Scholars have begun to address the impacts and question the benefits of IMT on its receiving contexts, destinations which are largely concentrated today in lower- and middle-income countries. Among the most pressing concerns for receiving contexts identified are the deviation of public healthcare funding and resources to the development of for-profit ‘medical tourism’ facilities, the crowding-out of locals, prioritisation of paying foreign patients’ needs, and rural-to-urban and public- to private-sector brain-drain of medical professionals (Hazarika, 2009; Ormond, 2014). By contrast, study of its impacts on medical travellers’ home contexts has been negligible and largely speculative.

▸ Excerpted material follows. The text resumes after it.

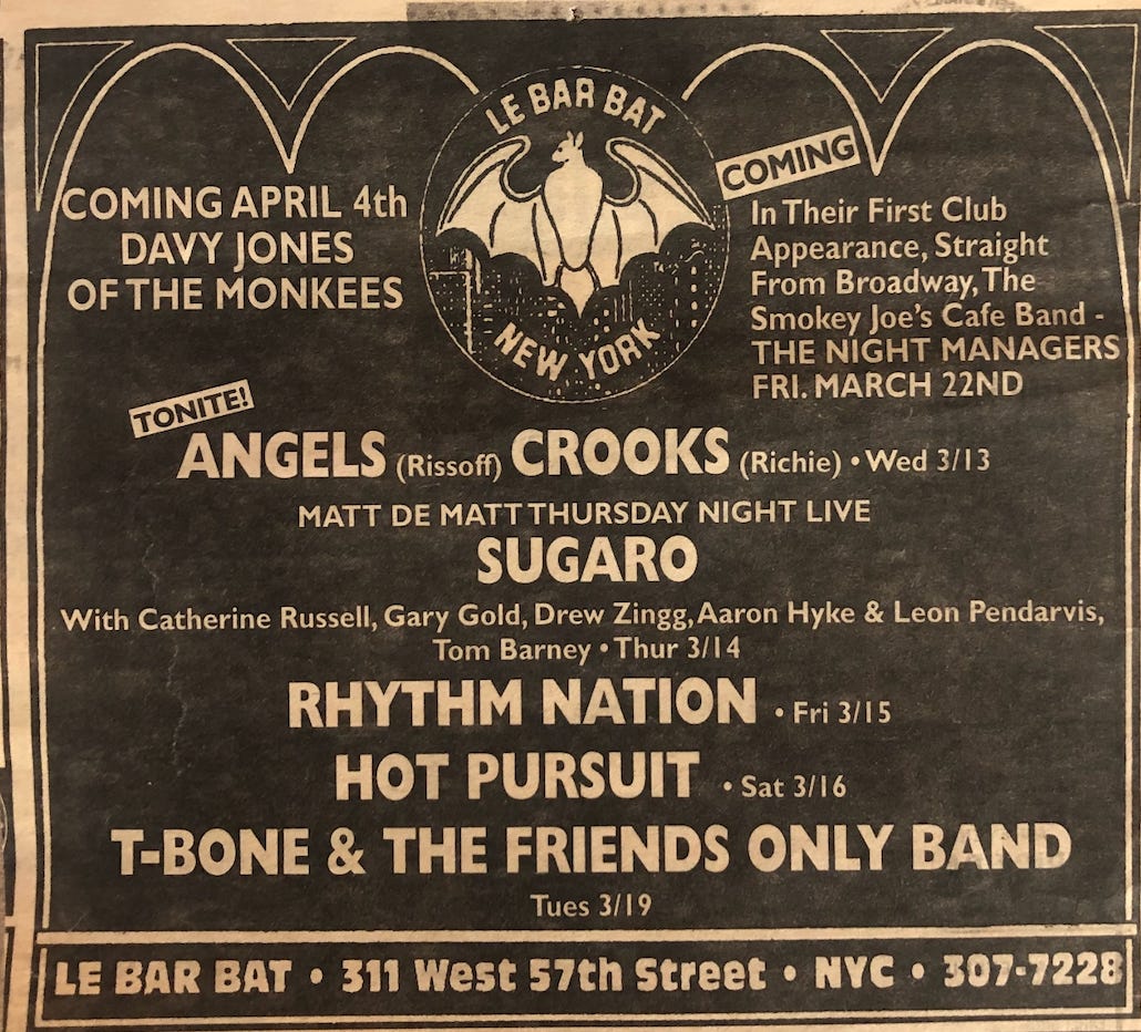 That band was on fire. There’s recordings of us (some with Jeff Young too I think) at Le Bar Bat—it’s floating around YouTube somewhere. I’ll find it. Share it.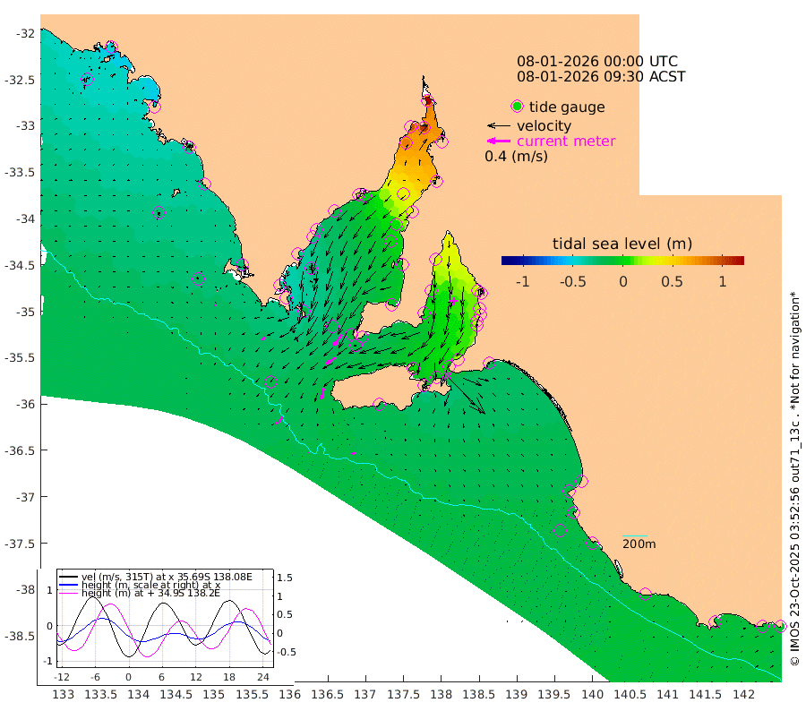 1cm/s -103T +10cm/s rms + 5cm/s 114T. SAM1DS 520m 8cm/s -134T +13cm/s rms + 5cm/s -36T. SAM2CP 100m 9cm/s -139T +21cm/s rms + 18cm/s 142T. SAM3MS 168m 7cm/s -108T +22cm/s rms + 0cm/s -30T. SAM4CY 117m 2cm/s 153T +23cm/s rms + 2cm/s 99T. SAM5CB 94m 19cm/s -125T +8cm/s rms + 3cm/s -172T. SAM6IS 83m 4cm/s -147T +11cm/s rms + 7cm/s 150T. SAM7DS 519m 24cm/s -142T +10cm/s rms + 2cm/s 87T. SAM8SG 47m 20cm/s -165T +20cm/s rms + 12cm/s -168T. NRSKAI 101m -13cm Warrnambool -13cm Port Fairy -15cm Portland -15cm Port Macdonnell -15cm Beachport -16cm Cape Rabelais (off) -17cm Robe -16cm Cape Jaffa -18cm Kingston -20cm Victor Harbor -22cm Vivonne Bay 5cm Kingscote 7cm American River -9cm Penneshaw 3cm Cape Jervis 16cm Second Valley 19cm Port Noarlunga 20cm Port Stanvac 23cm Brighton 21cm Glenelg 27cm Port Adelaide (Outer Harbor) 56cm Angus Inlet (Garden Island) 27cm Ardrossan 8cm Port Vincent 5cm Port Giles -21cm Stenhouse Bay -17cm Althorpe Island -14cm Pondalowie Bay -8cm Point Turton -5cm Port Victoria 0cm Cape Elizabeth 4cm Tiparra Reef Light 32cm Wallaroo 36cm Middle Bank 53cm Port Broughton 110cm Port Pirie 120cm Red Cliff Point (Beacon 5) 103cm Port Bonython 97cm Whyalla 80cm Western Shoal Beacon 26cm Franklin Harbor -5cm Franklin Harbor Entrance Beacon -17cm Arno Bay -28cm Port Neill -29cm Cape Hardy -33cm Tumby Bay -30cm Reevesby Island -36cm Port Lincoln -31cm Taylors Landing -17cm Whalers Bay -22cm Wedge Island Mooring -18cm Shelf Edge Mooring -29cm Coffin Bay Entrance Beacon -23cm Greenly Island -30cm Elliston -29cm Pearson Island -23cm Venus Bay -48cm Blanche Port (Streaky Bay) -47cm Thevenard -46cm St Francis Island

This void perhaps comes as a surprise, considering that IMT was heralded early on by proponents, particularly in the United States with its highly-privatised health system, as a ‘triumph of market democracy’ (Bennett, 1998, p.4). For proponents, healthcare consumers engaging in this ‘exit option’ wield significant power. Consumer demand for viable alternatives abroad that offer significant financial savings and more specialised service provision than the American health system’s dominant delivery models and practices (especially regarding hospital care) is seen as holding the potential to render home health systems more responsive to their patients’ demands. ‘Patients, like all consumers’, one study suggests, ‘will search for providers who offer them maximal value, and medical tourism is an explicit declaration about what patients value most’ (Horowitz et al., 2007, p.4).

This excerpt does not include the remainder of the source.